EXERCISE DETAILS
Only the lines below from the one that holds "何度か浅草寺には行ってますが" through the one that holds "Pavimento elevado y" should appear in the answer, copied exactly, end lines included and pictures omitted.

(Collected data entries)
________

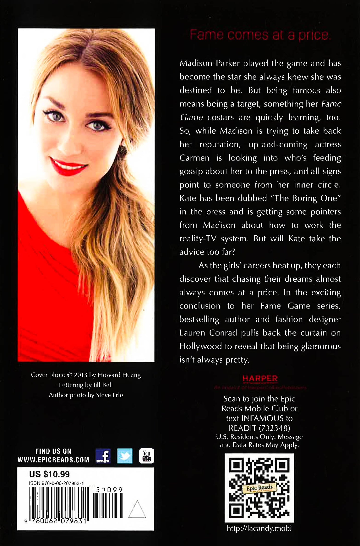 Lauren Conrad, star of the hit MTV reality series The Hills, brings her insider knowledge to Infamous, the exciting finale to her New York Times bestselling Fame Game series. Kate and Carmen are about to become big stars, but they're going to have to survive some backstage drama first. And Madison is learning hard lessons about fame as she deals with backstabbing "friends" and family, out-of-control paparazzi, and a scandal reported in every tabloid. For anyone who has ever wondered what it is like to make it in Hollywood, Infamous is full of dishy details about young Hollywood and the realities of becoming famous--by the bestselling author of the L.A. Candy series, Lauren Conrad Style, and Lauren Conrad Beauty.*This Book May Have Remainder Mark* *This Book May Have Deckle Edges*
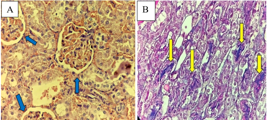 The renal tissue section was fixed within 10 % formalin, alcohol-based dehydration, cleaned with xylene, and then submerged in paraffin. The kidney tissues were fixed in paraffin and then sectioned into slices 5 μm thick. After staining these portions with hematoxylin, eosin, and trichrome [34].
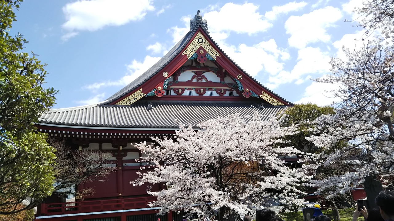 何度か浅草寺には行ってますが、さくらの季節は初めてでした。本堂とさくらの組み合わせがきれいでした。平日の昼時でしたが、日本人もインバウンドも大勢の観光客が来ていました。納経所にもインバウンドの姿がありました。御朱印は10分待ちました。
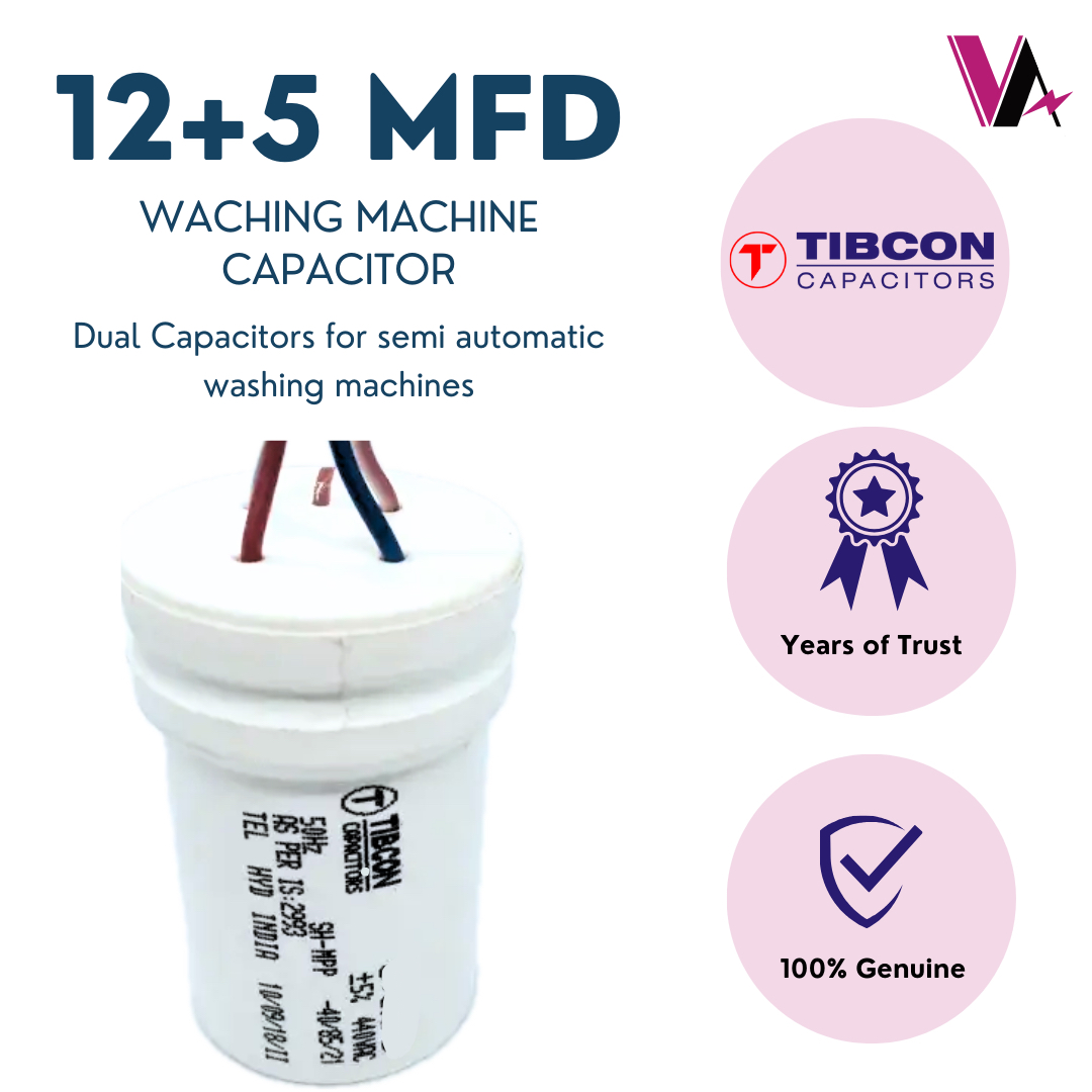 Upgrade your semi-automatic washing machine with the TIBCON 12+5 MFD Dual Capacitor and experience superior efficiency, reliability, and longevity. Trust in TIBCON's commitment to quality and innovation for all your capacitor needs.
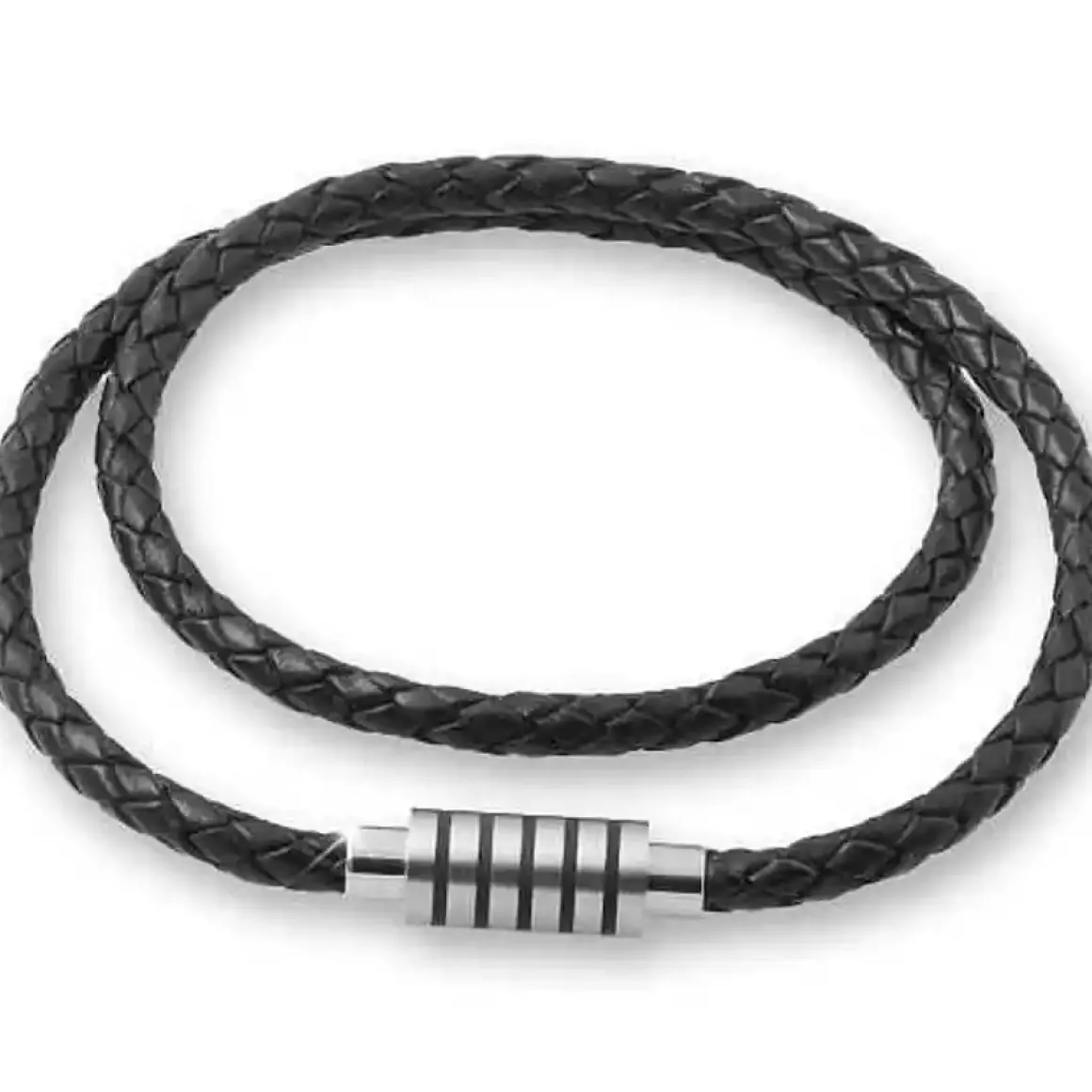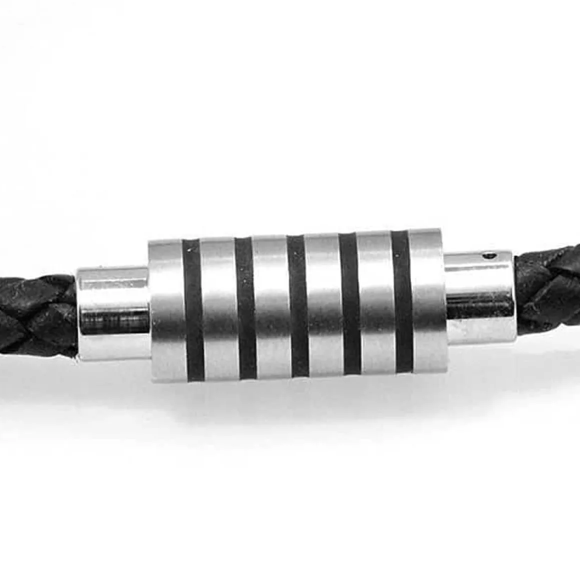 6 mm læderflet i sort læder med magnetlås i Rustfrit mat stål.
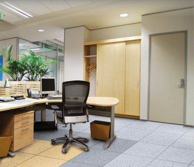 Pavimento elevado y registrable, sistema Gamaflor Bank 35/05/05 HEAVY de Polygroup. Acabado PVC Conductile Super-OR Reforzado. Sistema conductivo. 125,08 € / m2(1,050 m2 x 125,08 €/m2 = 131,33 €)
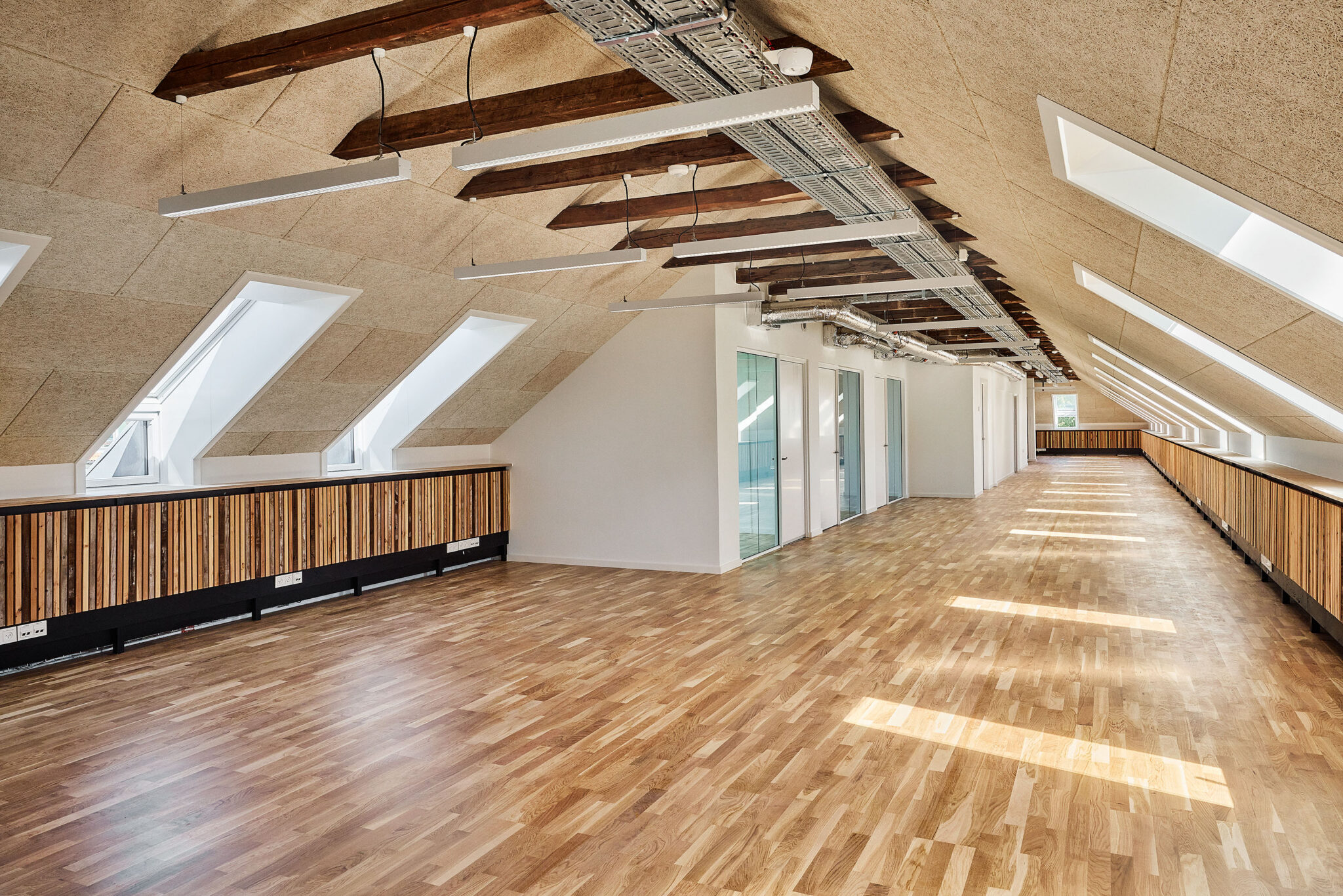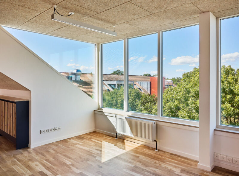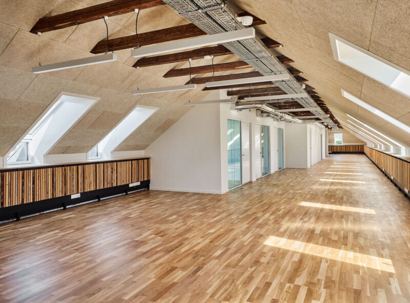 Et godt arbejdsmiljø afhænger af et velfungerende indeklima, og derfor har vi været særligt opmærksomme på fugttekniske forhold. Således har vi optimeret ventilationen og sikret tidssvarende solafskærmning. Derudover er optimeringen af dagslys med til at understøtte gode arbejdsbetingelser.

________

TASK SOLUTION
 何度か浅草寺には行ってますが、さくらの季節は初めてでした。本堂とさくらの組み合わせがきれいでした。平日の昼時でしたが、日本人もインバウンドも大勢の観光客が来ていました。納経所にもインバウンドの姿がありました。御朱印は10分待ちました。
 Upgrade your semi-automatic washing machine with the TIBCON 12+5 MFD Dual Capacitor and experience superior efficiency, reliability, and longevity. Trust in TIBCON's commitment to quality and innovation for all your capacitor needs.
 6 mm læderflet i sort læder med magnetlås i Rustfrit mat stål.
 Pavimento elevado y registrable, sistema Gamaflor Bank 35/05/05 HEAVY de Polygroup. Acabado PVC Conductile Super-OR Reforzado. Sistema conductivo. 125,08 € / m2(1,050 m2 x 125,08 €/m2 = 131,33 €)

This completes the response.